[Stored records]

□ □ □ □

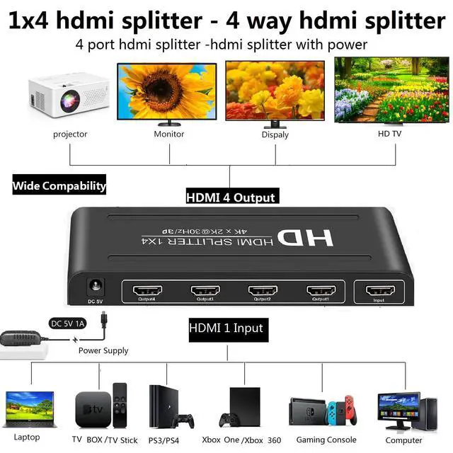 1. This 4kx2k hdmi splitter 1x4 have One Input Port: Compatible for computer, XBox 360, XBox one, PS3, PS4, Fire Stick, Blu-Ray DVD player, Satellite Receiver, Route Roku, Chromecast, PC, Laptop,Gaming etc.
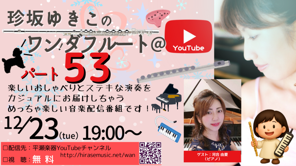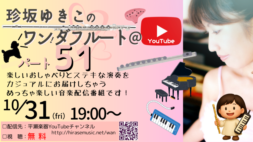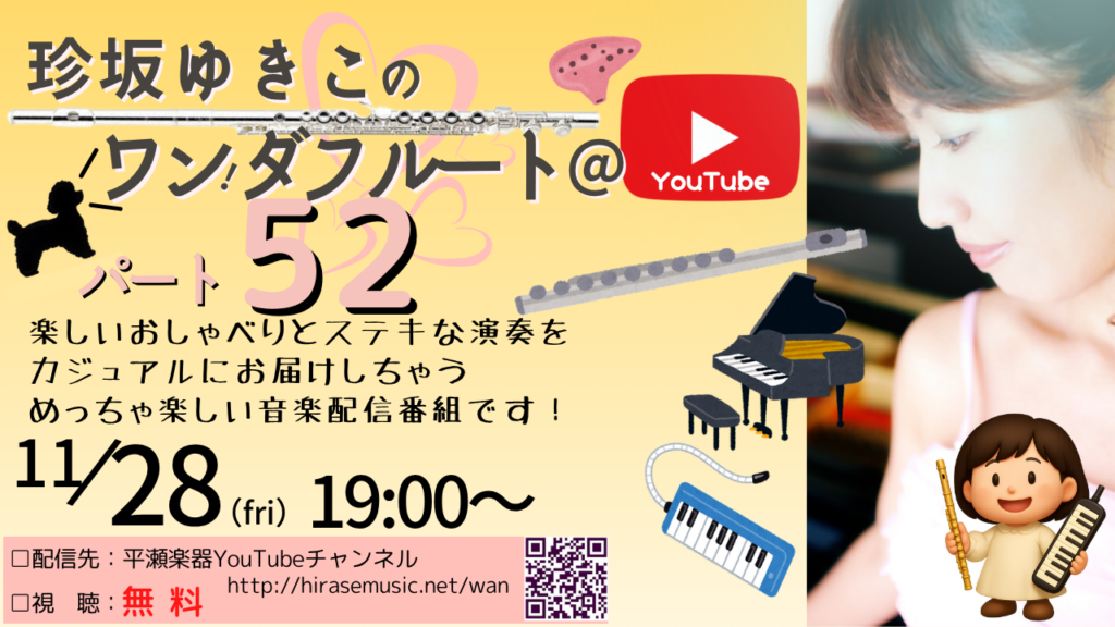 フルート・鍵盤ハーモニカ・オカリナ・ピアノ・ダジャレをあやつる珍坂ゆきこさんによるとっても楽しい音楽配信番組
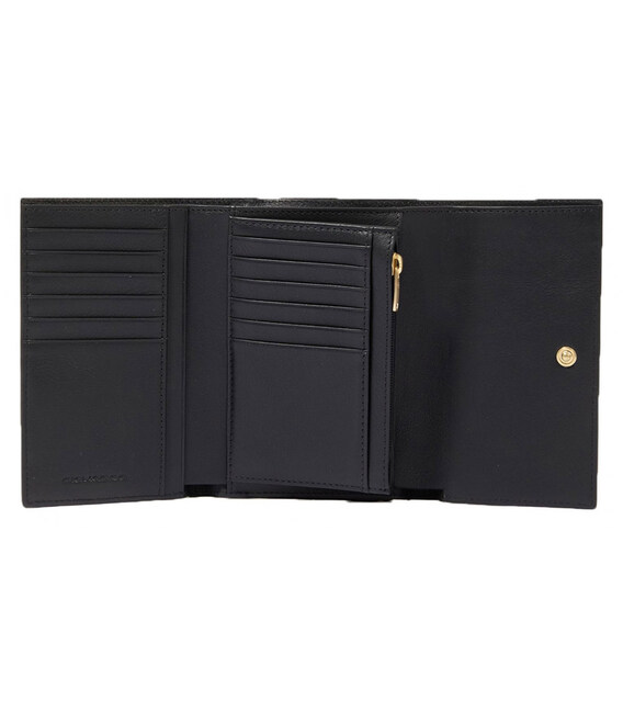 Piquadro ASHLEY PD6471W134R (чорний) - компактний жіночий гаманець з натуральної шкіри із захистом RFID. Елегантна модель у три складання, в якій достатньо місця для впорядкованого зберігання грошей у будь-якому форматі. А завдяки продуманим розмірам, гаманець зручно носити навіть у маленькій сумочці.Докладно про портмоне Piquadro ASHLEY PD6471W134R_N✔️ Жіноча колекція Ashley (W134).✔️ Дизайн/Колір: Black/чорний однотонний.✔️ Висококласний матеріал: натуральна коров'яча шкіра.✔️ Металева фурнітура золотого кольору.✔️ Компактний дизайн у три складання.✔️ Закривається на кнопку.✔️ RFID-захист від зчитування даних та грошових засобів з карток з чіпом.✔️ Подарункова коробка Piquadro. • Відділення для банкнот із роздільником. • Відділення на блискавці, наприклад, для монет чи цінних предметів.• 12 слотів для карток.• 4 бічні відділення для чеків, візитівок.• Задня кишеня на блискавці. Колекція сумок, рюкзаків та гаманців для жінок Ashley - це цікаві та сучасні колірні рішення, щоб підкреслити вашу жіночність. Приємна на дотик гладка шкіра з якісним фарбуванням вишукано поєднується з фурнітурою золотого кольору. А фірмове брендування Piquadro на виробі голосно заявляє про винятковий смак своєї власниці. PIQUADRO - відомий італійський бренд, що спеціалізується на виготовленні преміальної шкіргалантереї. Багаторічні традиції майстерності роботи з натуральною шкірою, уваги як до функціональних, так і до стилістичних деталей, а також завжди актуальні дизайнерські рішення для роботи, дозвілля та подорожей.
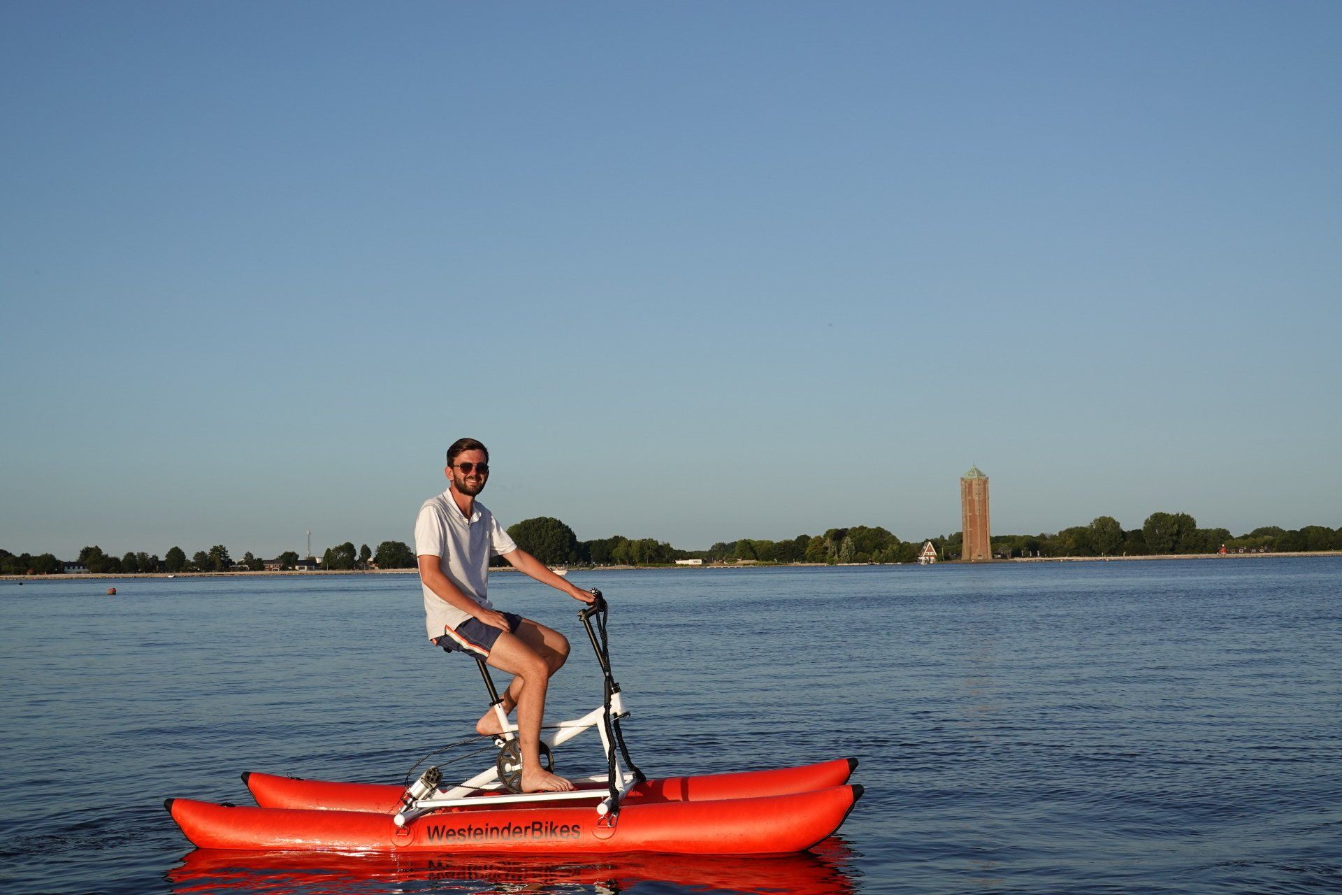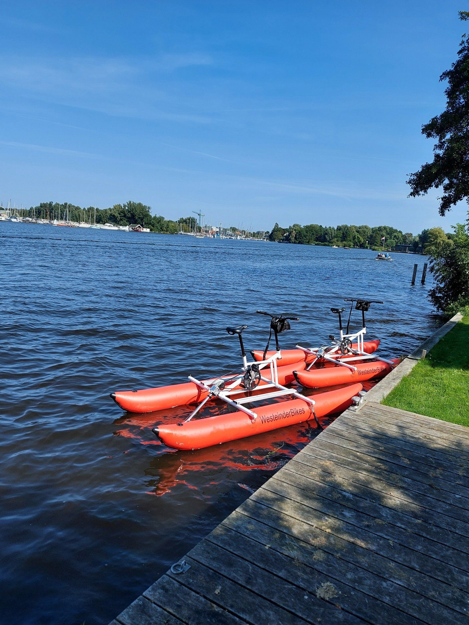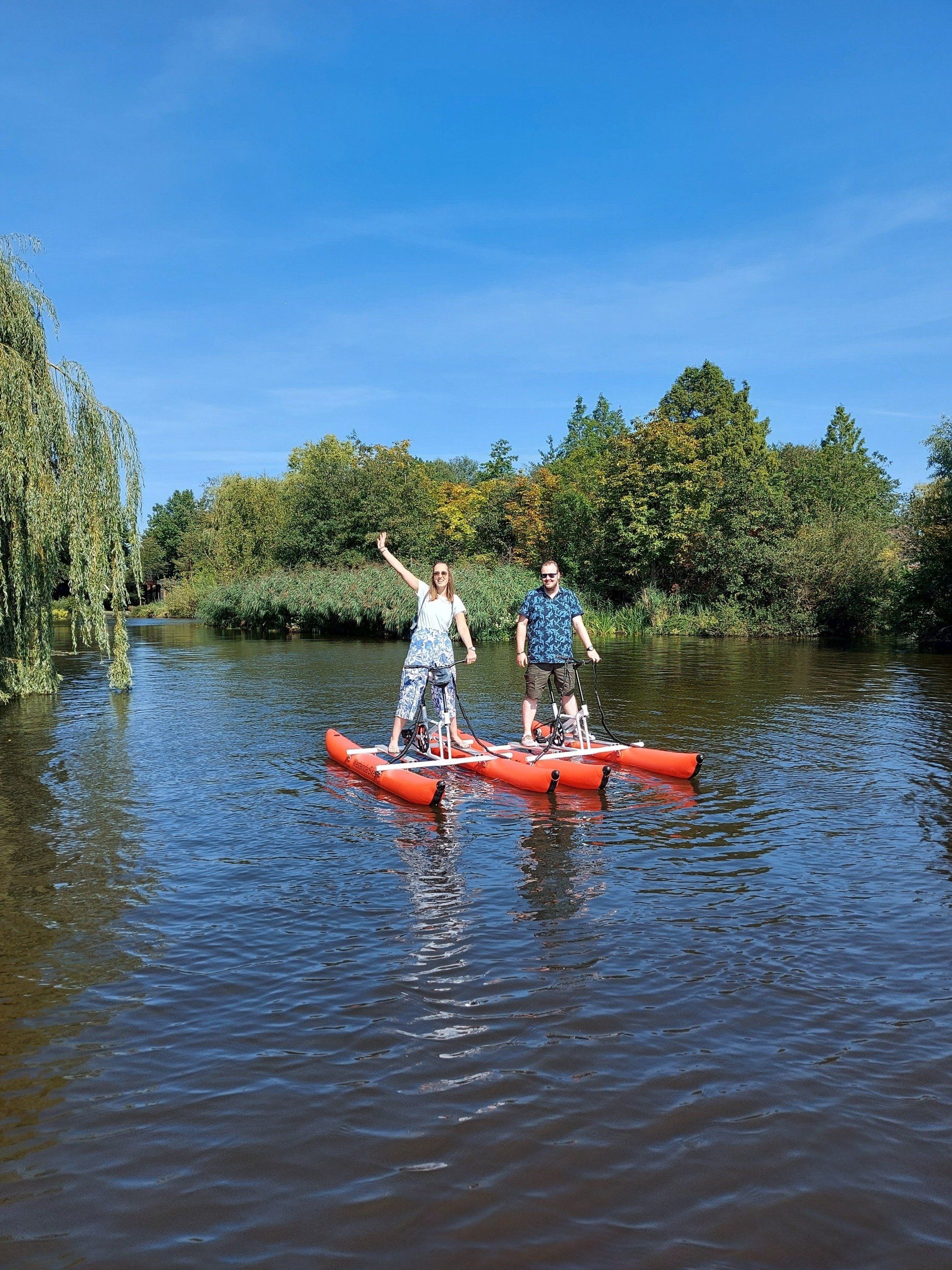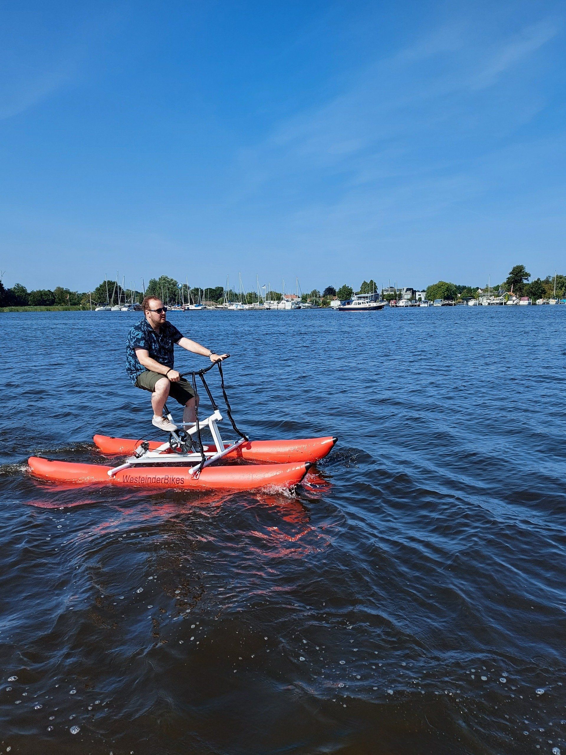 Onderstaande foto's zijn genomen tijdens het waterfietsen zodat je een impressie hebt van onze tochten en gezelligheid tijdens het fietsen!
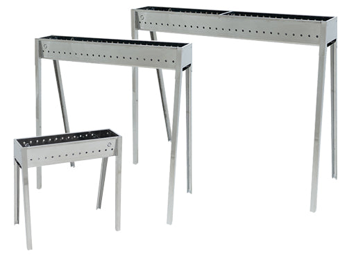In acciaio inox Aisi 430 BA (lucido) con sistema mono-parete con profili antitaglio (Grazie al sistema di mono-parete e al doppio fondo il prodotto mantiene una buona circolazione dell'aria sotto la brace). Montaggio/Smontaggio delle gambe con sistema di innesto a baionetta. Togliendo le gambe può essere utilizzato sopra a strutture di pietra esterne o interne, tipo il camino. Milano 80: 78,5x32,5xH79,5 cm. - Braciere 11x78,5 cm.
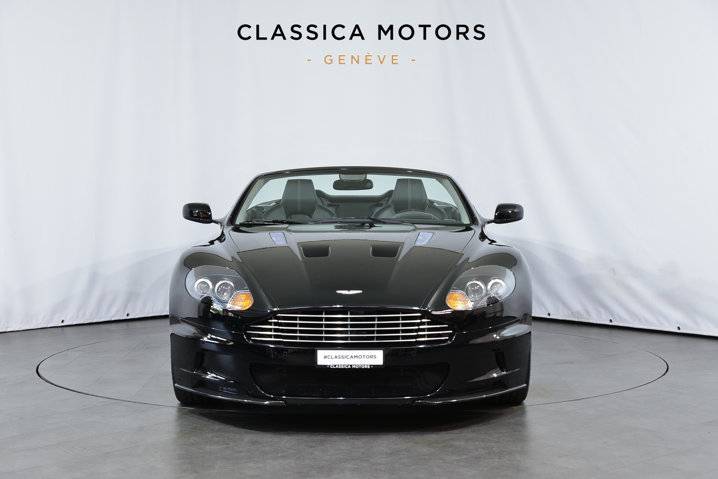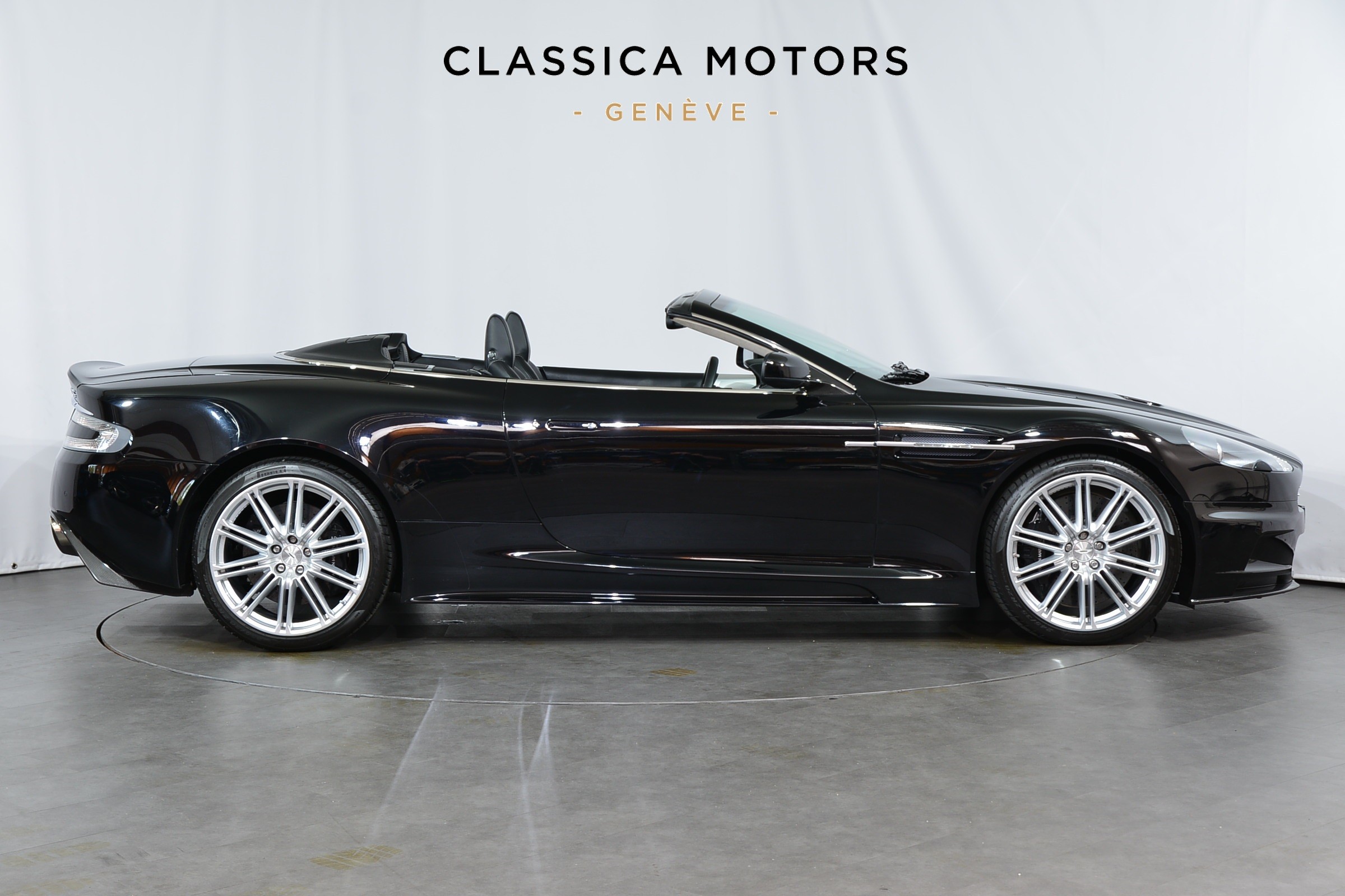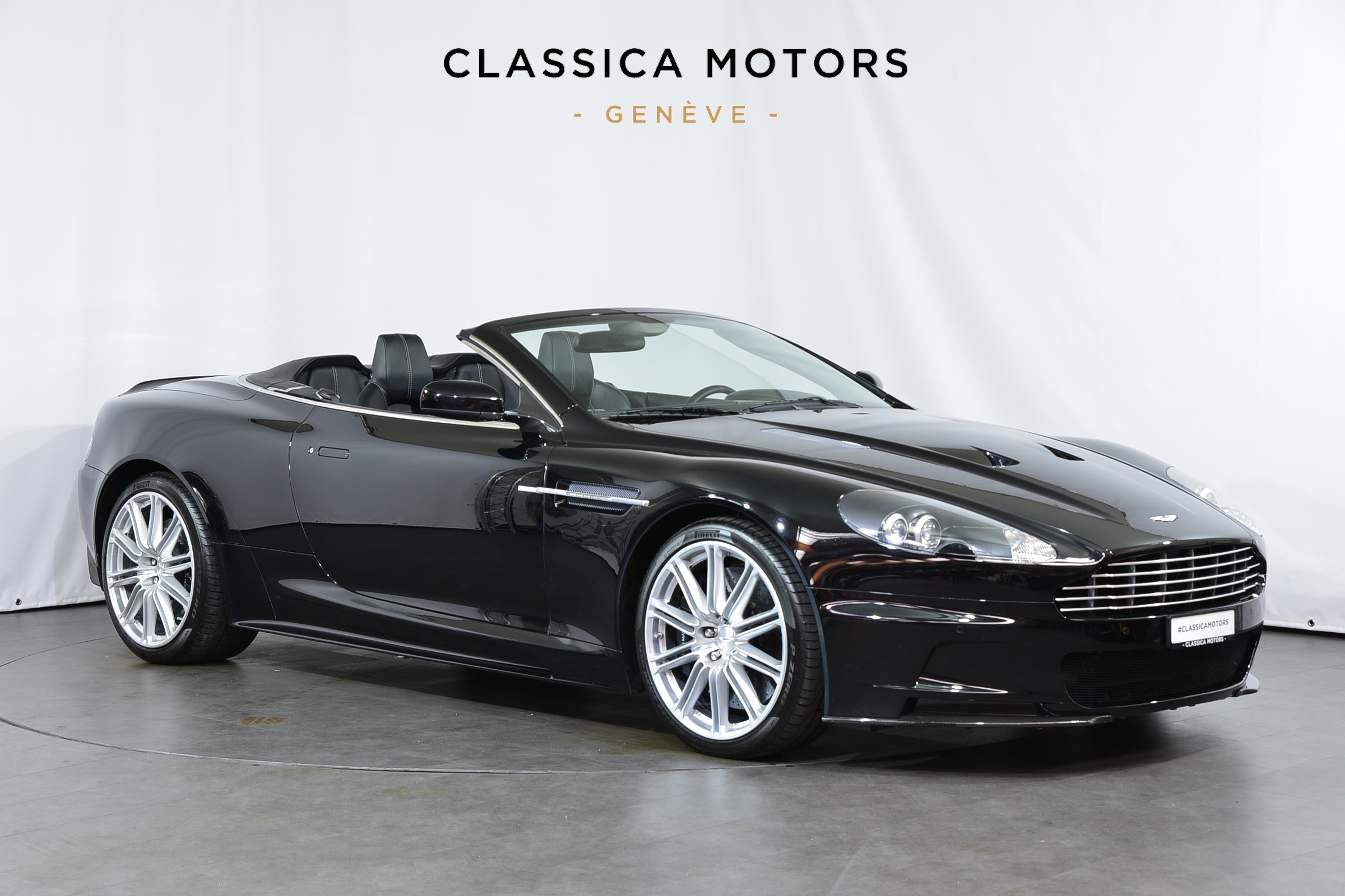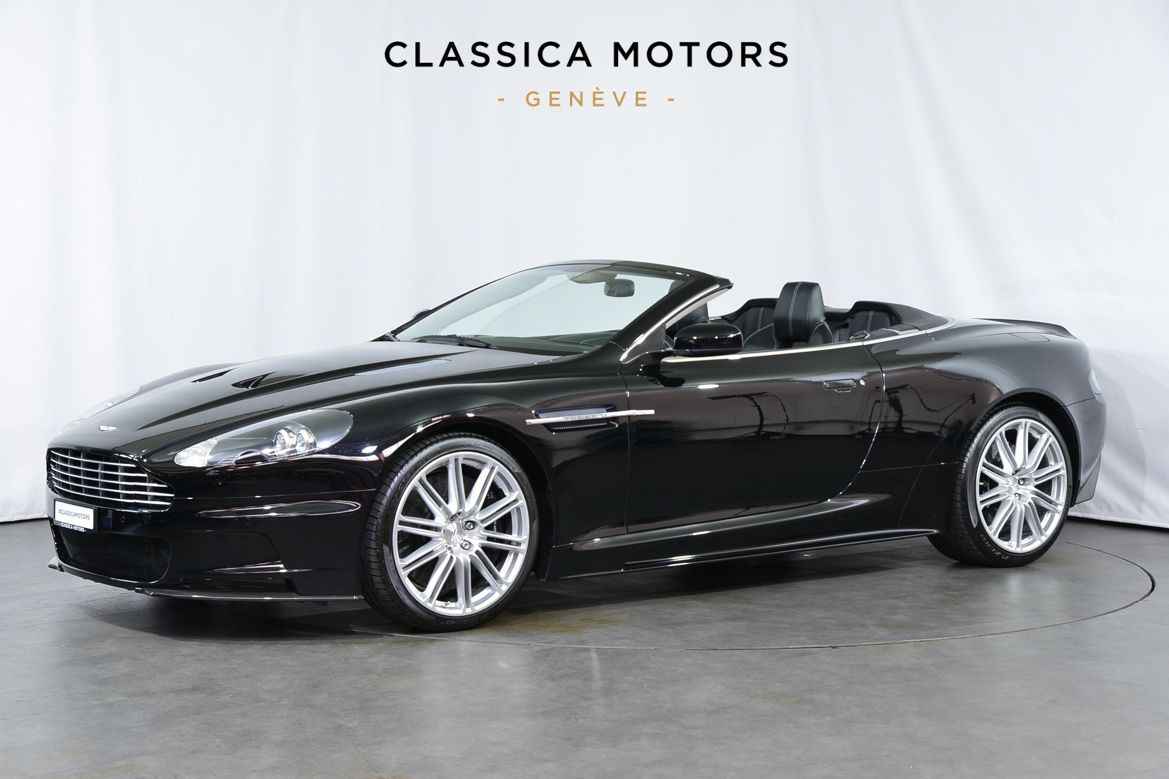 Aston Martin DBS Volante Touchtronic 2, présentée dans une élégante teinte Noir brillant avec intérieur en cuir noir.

□ □ □ □

**WHAT IS NEEDED:** Please copy the lines above exactly as written, apart from any pictures.

**ANSWER SECTION:**
 1. This 4kx2k hdmi splitter 1x4 have One Input Port: Compatible for computer, XBox 360, XBox one, PS3, PS4, Fire Stick, Blu-Ray DVD player, Satellite Receiver, Route Roku, Chromecast, PC, Laptop,Gaming etc.
 フルート・鍵盤ハーモニカ・オカリナ・ピアノ・ダジャレをあやつる珍坂ゆきこさんによるとっても楽しい音楽配信番組
 Piquadro ASHLEY PD6471W134R (чорний) - компактний жіночий гаманець з натуральної шкіри із захистом RFID. Елегантна модель у три складання, в якій достатньо місця для впорядкованого зберігання грошей у будь-якому форматі. А завдяки продуманим розмірам, гаманець зручно носити навіть у маленькій сумочці.Докладно про портмоне Piquadro ASHLEY PD6471W134R_N✔️ Жіноча колекція Ashley (W134).✔️ Дизайн/Колір: Black/чорний однотонний.✔️ Висококласний матеріал: натуральна коров'яча шкіра.✔️ Металева фурнітура золотого кольору.✔️ Компактний дизайн у три складання.✔️ Закривається на кнопку.✔️ RFID-захист від зчитування даних та грошових засобів з карток з чіпом.✔️ Подарункова коробка Piquadro. • Відділення для банкнот із роздільником. • Відділення на блискавці, наприклад, для монет чи цінних предметів.• 12 слотів для карток.• 4 бічні відділення для чеків, візитівок.• Задня кишеня на блискавці. Колекція сумок, рюкзаків та гаманців для жінок Ashley - це цікаві та сучасні колірні рішення, щоб підкреслити вашу жіночність. Приємна на дотик гладка шкіра з якісним фарбуванням вишукано поєднується з фурнітурою золотого кольору. А фірмове брендування Piquadro на виробі голосно заявляє про винятковий смак своєї власниці. PIQUADRO - відомий італійський бренд, що спеціалізується на виготовленні преміальної шкіргалантереї. Багаторічні традиції майстерності роботи з натуральною шкірою, уваги як до функціональних, так і до стилістичних деталей, а також завжди актуальні дизайнерські рішення для роботи, дозвілля та подорожей.
 Onderstaande foto's zijn genomen tijdens het waterfietsen zodat je een impressie hebt van onze tochten en gezelligheid tijdens het fietsen!
In acciaio inox Aisi 430 BA (lucido) con sistema mono-parete con profili antitaglio (Grazie al sistema di mono-parete e al doppio fondo il prodotto mantiene una buona circolazione dell'aria sotto la brace). Montaggio/Smontaggio delle gambe con sistema di innesto a baionetta. Togliendo le gambe può essere utilizzato sopra a strutture di pietra esterne o interne, tipo il camino. Milano 80: 78,5x32,5xH79,5 cm. - Braciere 11x78,5 cm.
 Aston Martin DBS Volante Touchtronic 2, présentée dans une élégante teinte Noir brillant avec intérieur en cuir noir.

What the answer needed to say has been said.